Background: In recent years, research data warehouses moved increasingly into the focus of interest of medical research. Nevertheless, there are only a few center-independent infrastructure solutions available. They aim to provide a consolidated view on medical data from various sources such as clinical trials, electronic health records, epidemiological registries or longitudinal cohorts.

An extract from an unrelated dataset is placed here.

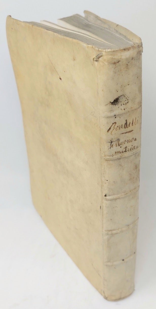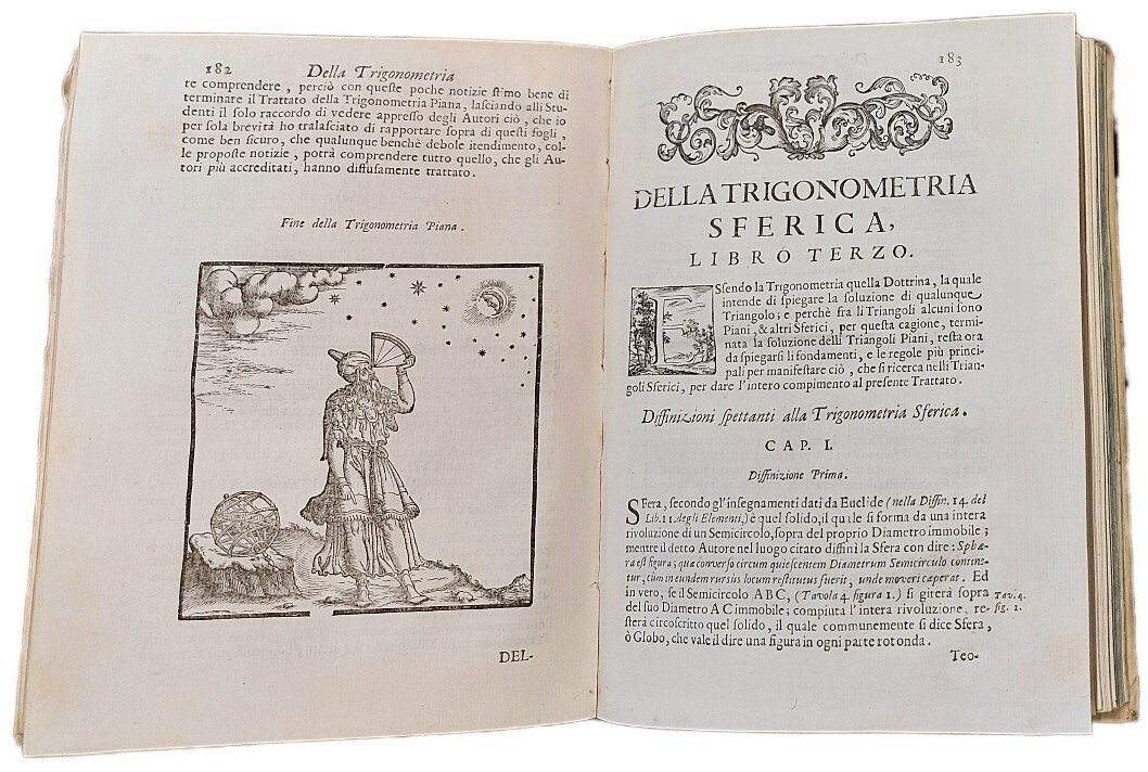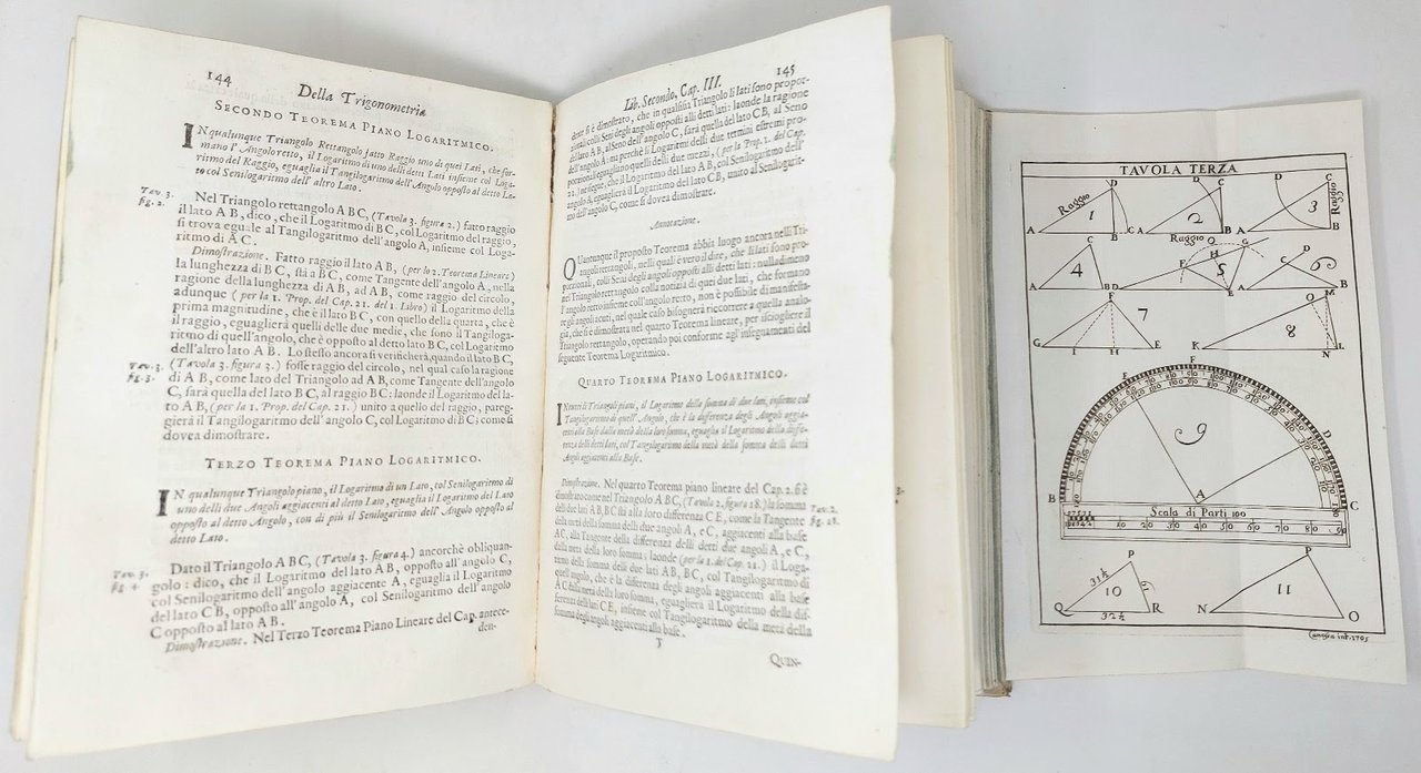 >in-4, pp. 272, leg. coeva p. perg., tit. ms. al dorso. Fregi ed iniz. xilogr. Con una bella fig. xilogr. a pag. 182 e 6 tavole inc. in rame da Canossa ripieg. f.t. in fine. Dedicato ad Annibale Albani, nipote di Clemente XI. Prima edizione di quest'opera del noto matematico, nato nel ducato di Modena (1652-1735), bibliotecario e poi insegnante di matematica, arte delle fortificazioni e di idraulica nell'Università di Bologna; diresse anche i lavori contro gli straripamenti del Po presso Ferrara. Per la purezza del linguaggio, l'opera viene registrata anche dal Gamba. Bell'esemplare. Riccardi I, 391. Gamba, Testi di Lingua, n.2070.-

The i2b2 framework is a well-established solution for such repositories, but it lacks support for importing and integrating clinical data and metadata.

Objectives: The goal of this project was to develop a platform for easy integration and administration of data from heterogeneous sources, to provide capabilities for linking them to medical terminologies and to allow for transforming and mapping of data streams for user-specific views.

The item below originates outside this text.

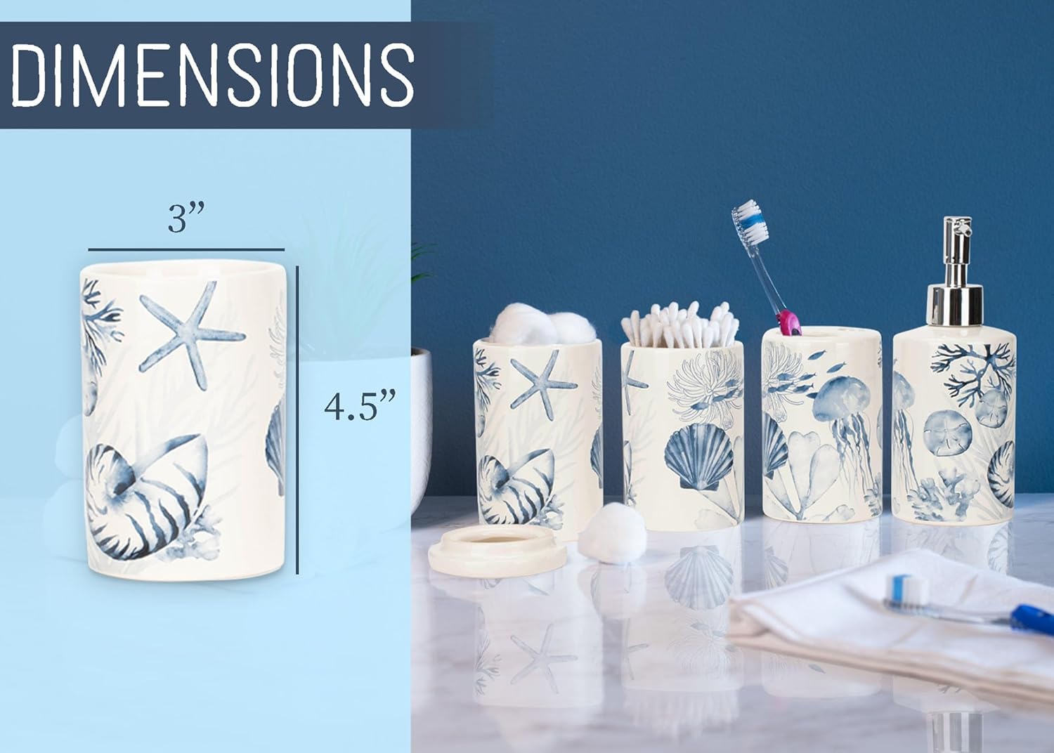 NAT & Jules Chic Modern Rounded 4.5 inch Ceramic Bathroom Accessories Set of 4 - Home Décor & Organization Perfect for Bath or Kitchen Household Essentials, Beach Nautical Blue & White

Methods: A suite of three tools has been developed: the i2b2 Wizard for simplifying administration of i2b2, the IDRT Import and Mapping Tool for loading clinical data from various formats like CSV, SQL, CDISC ODM or biobanks and the IDRT i2b2 Web Client Plugin for advanced export options. The Import and Mapping Tool also includes an ontology editor for rearranging and mapping patient data and structures as well as annotating clinical data with medical terminologies, primarily those used in Germany (ICD-10-GM, OPS, ICD-O, etc.).

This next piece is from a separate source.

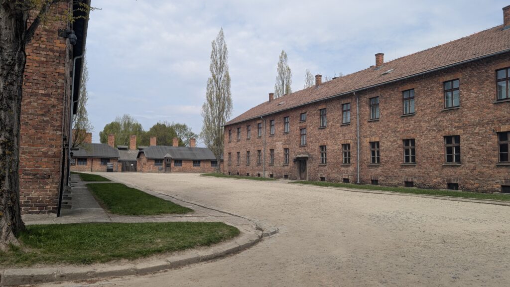 La visita termina, de nuevo, en la entrada de Auschwitz I, en nuestro caso sobre las 14:00. En este momento tenemos ya bastante hambre y pensamos que volver a Cracovia para comer va a ser demasiado rato.

Results: With the three tools functional, new i2b2-based research projects can be created, populated and customized to researcher’s needs in a few hours. Amalgamating data and metadata from different databases can be managed easily. With regards to data privacy a pseudonymization service can be plugged in. Using common ontologies and reference terminologies rather than project-specific ones leads to a consistent understanding of the data semantics.

Conclusions: i2b2’s promise is to enable clinical researchers to devise and test new hypothesis even without a deep knowledge in statistical programing. The approach pre -sented here has been tested in a number of scenarios with millions of observations and tens of thousands of patients. Initially mostly observant, trained researchers were able to construct new analyses on their own. Early feedback indicates that timely and extensive access to their “own” data is appreciated most, but it is also lowering the barrier for other tasks, for instance checking data quality and completeness (missing data, wrong coding).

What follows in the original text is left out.